The authors of the three review papers – leading researchers in the fields of cell biology, dermatology and epidemiology – have examined the effects on skin of UV radiation, including that from indoor tanning beds. As well as highlighting the need for greater research into this area, they have called for the use of such beds by under-18s to be banned, along with any publicity that claims that tanning beds are safe.

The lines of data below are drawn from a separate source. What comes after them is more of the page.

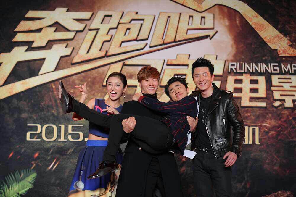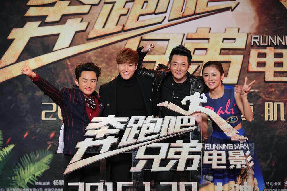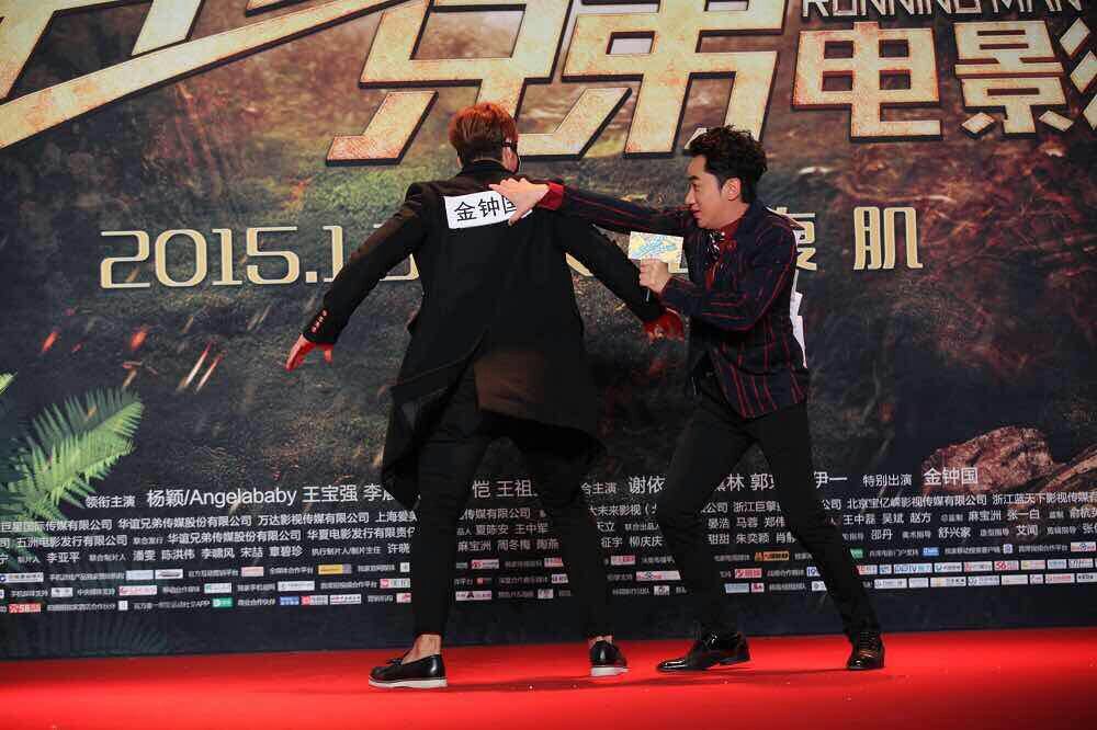 大電影“奔跑吧,兄弟”宣傳活動現(xiàn)場,金鐘國和王祖藍。(北京一路領先汽車租賃公司)圖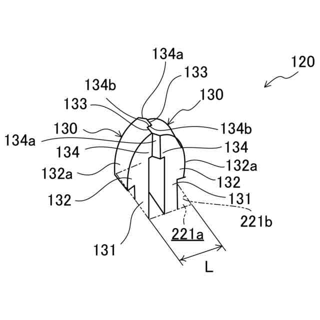 上記内方当接部が、上記バンド部の上記係止穴における上記対向する内縁部を結ぶ第1の方向と交差する第2の方向に相対的にずれた位置で、上記1対の係止体の上記外方部どうしが互いに近づく方向に接近した位置にあることにより、上記挿入可能状態になる一方、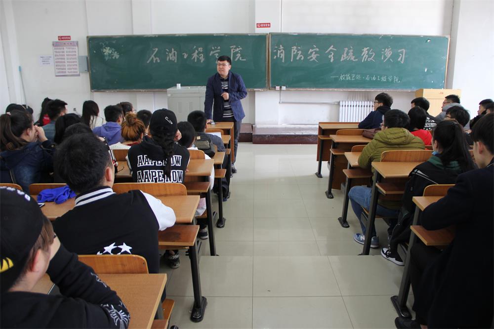 为增强同学们的安全意识,懂得在火灾、地震等突发事件来临时的安全自救能力,构建平安和谐校园。4月19日上午10点40,石油工程学院联合校保卫处在主教学楼404教室,组织消防安全疏散演习。校保卫处综合管理科科长张学斌及干事王岗亲临现场对同学们进行演习指导,我院2016级近200名学生参加了此次演习。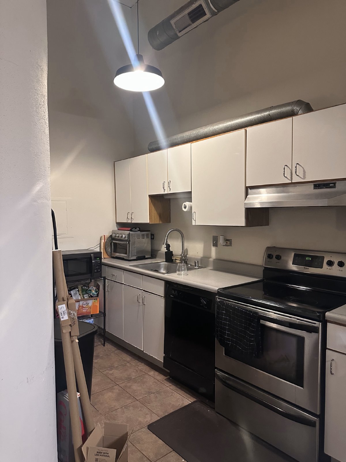 The condominium unit has approximately 750 square feet and contains 1 bedroom / 1 bath, plus loft space. The unit features great natural lighting, loft bedroom/storage, kitchen with oven/range/hood, refrigerator, dishwasher, and microwave, laminate hardwood floors, central HVAC, exposed brick walls, high ceilings and huge windows with east view. Room dimensions are: Living Room 24'7' X 12', Bedroom 10' X 12', and Dining Room 8'8' X 10'9'.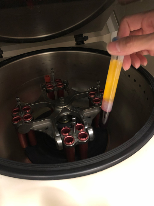③PRP液の完成。上の黄色い部分を使用します。③多血小板血漿液の完成。上の黄色い部分を使用します。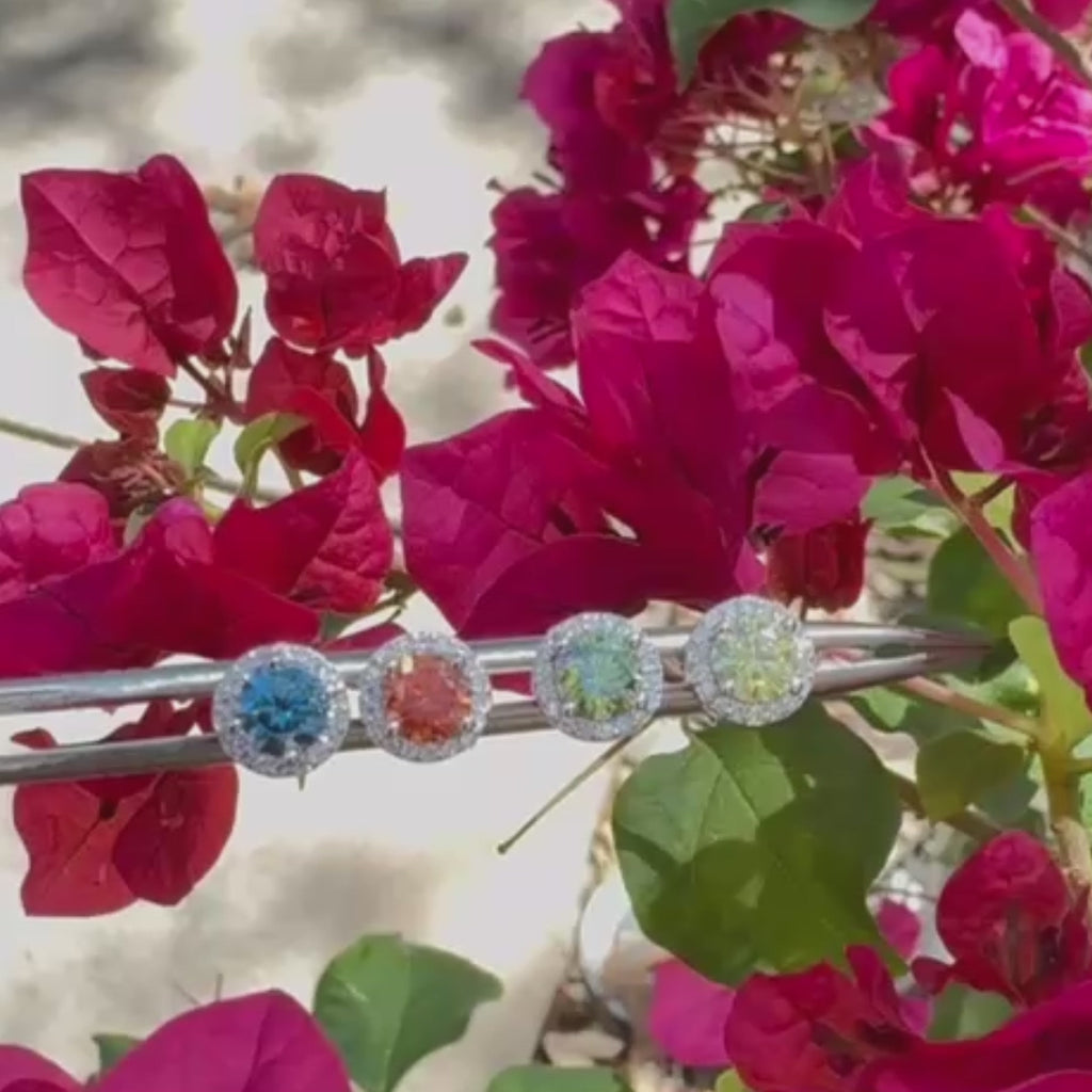 Color Moissanite Halo Stud Earrings | 5mm Center Stone | 1.24 CTW | Rhodium or 18K Gold Plated Sterling Silver | Gift Ready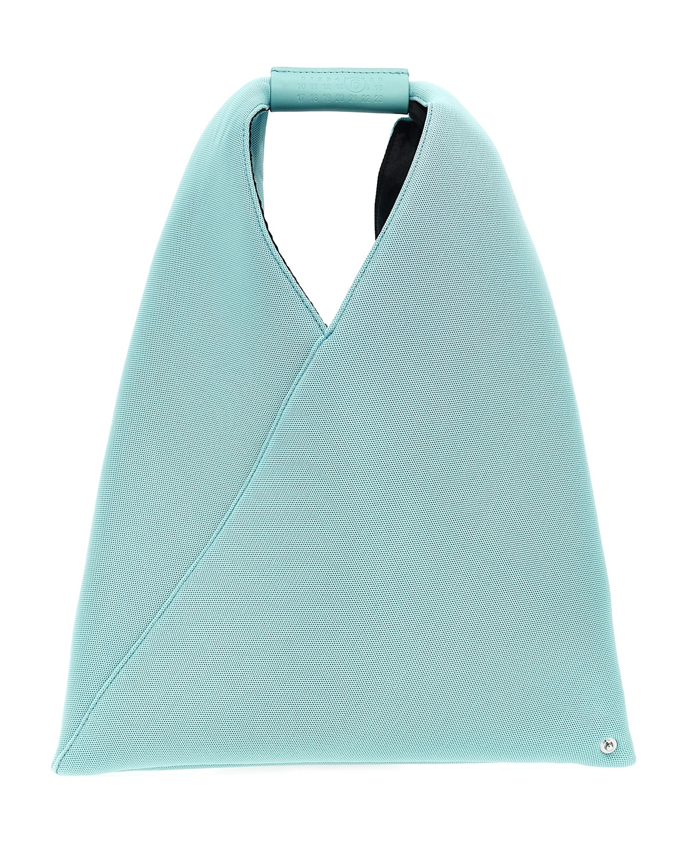 'Japanese Classic Small' mesh handbag, leather handle with embossed 'Numeric Signature MM6', two snap buttons on the edge to change the shape, 'White Stitch Line' at the back, snap button closure.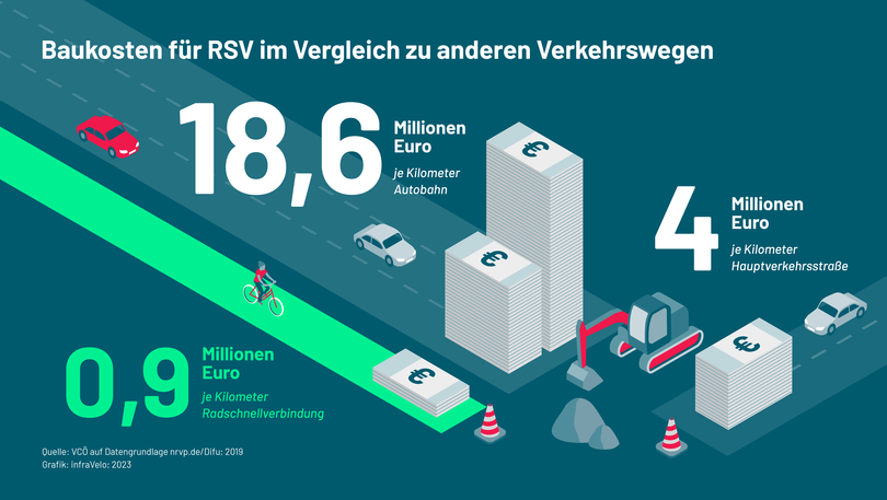Bei den geplanten Radschnellverbindungen werden Kosten und Nutzen häufig in Frage gestellt. Dabei betragen die Baukosten für einen Kilometer Radschnellverbindung einen Bruchteil im Vergleich zu einem Kilometer für eine Hauptverkehrsstraße oder für eine Autobahn. Nicht einmal fünf Prozent der Kosten für einen Kilometer Autobahn fallen für einen Kilometer einer Radschnellverbindung an. Um den Radverkehrsanteil in Berlin zu erhöhen, sieht das Berliner Mobilitätsgesetz den Bau von Radschnellverbindungen vor. Investitionen in Radschnellverbindungen sind sozioökonomisch lohnenswert, da die Verlagerung vom Auto aufs Fahrrad bei einer gut ausgebauten Infrastruktur statistisch bereits nachgewiesen wurde.
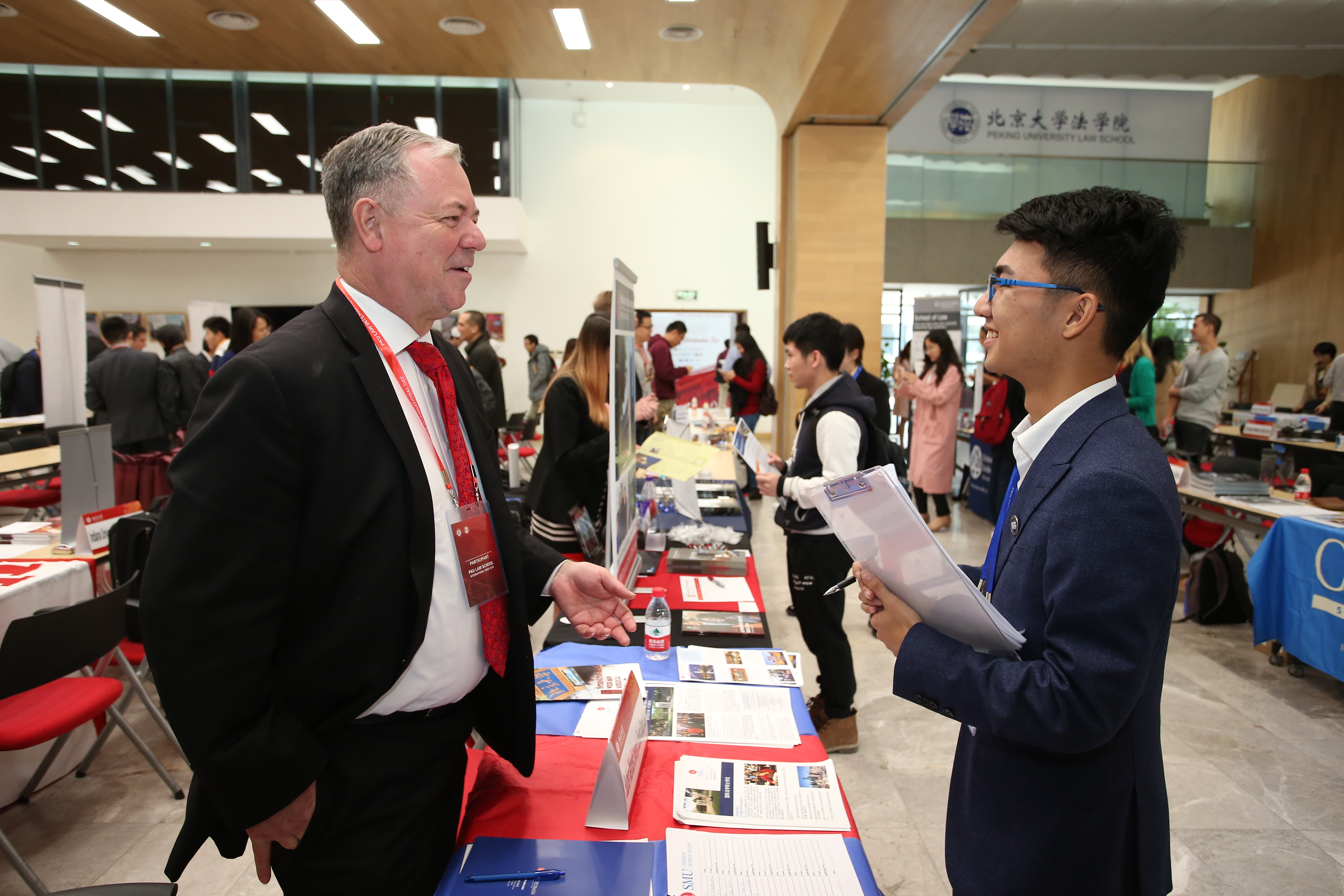 除了正式启动全球教席计划外,北大法学院2018年学生海外学习暨港澳台交流教育展也是本次国际周的重头戏。来自美国宾夕法尼亚大学、日本东京大学等33所海外著名法学院代表、海内外顶尖律所合伙人与学生面对面交流,开展招生宣讲、职业咨询,使学生们能够深入了解心仪学校和项目,获得面对面交流沟通的机会,这对北大法学院学生而言是宝贵的平台,将为他们规划未来学术发展道路和职业生涯起到十分重要的作用。

Exposure to UV radiation, for example, from sunbathing or using an indoor tanning bed, affects the skin in a number of ways, including causing DNA damage, photoaging (damage to the skin from chronic exposure to sunlight) and skin cancer. UV radiation is the most ubiquitous carcinogen (cancer-causing agent) for humans, in whom skin is the organ most commonly affected by cancer.

Although more research is required, published data suggest that indoor tanning beds, which are used most by young women, are linked to an increased risk of melanoma (the most dangerous form of skin cancer), and do not support the idea that tanning beds are safe.

In one of three papers in the series published today, Dr David E Fisher, dermatologist and president of the Society of Melanoma Research, and colleagues from the Massachusetts General Hospital, Boston have explored the social issues and molecular mechanisms related to tanning caused by UV exposure. Reviewing published data in the field, the authors report that both tanning and skin cancer seem to begin with the same event – DNA damage caused by UV exposure. This leads them to suggest that a ‘safe’ tan with UV may be a physical impossibility.

The authors conclude: “UVR [ultraviolet radiation] exposure represents one of the most avoidable causes of cancer risk and mortality in man. Whereas genetic and other factors undoubtedly contribute importantly to skin cancer risk, the role of UV is incontrovertible, and efforts to confuse the public, particularly for purposes of economic gain by the indoor tanning industry, should be vigorously combated for the public health.”

The other two papers in the series have been written by Dr Marianne Berwick, an epidemiologist at the University of New Mexico Cancer Research and Treatment Centre, and Dr Dorothy C Bennett, a dermatologist at the Division of Basic Medical Sciences, St George’s, University of London, London, UK. The three papers and a related podcast with Dr Fisher can be accessed for free online at http://www.pigment.org/.

Skin cancer is the most common malignancy in the US; the American Academy of Dermatology reports than one American dies every 62 minutes from melanoma. The WHO estimated that, in the year 2000, up to 71 000 deaths worldwide were attributed to excessive UV exposure.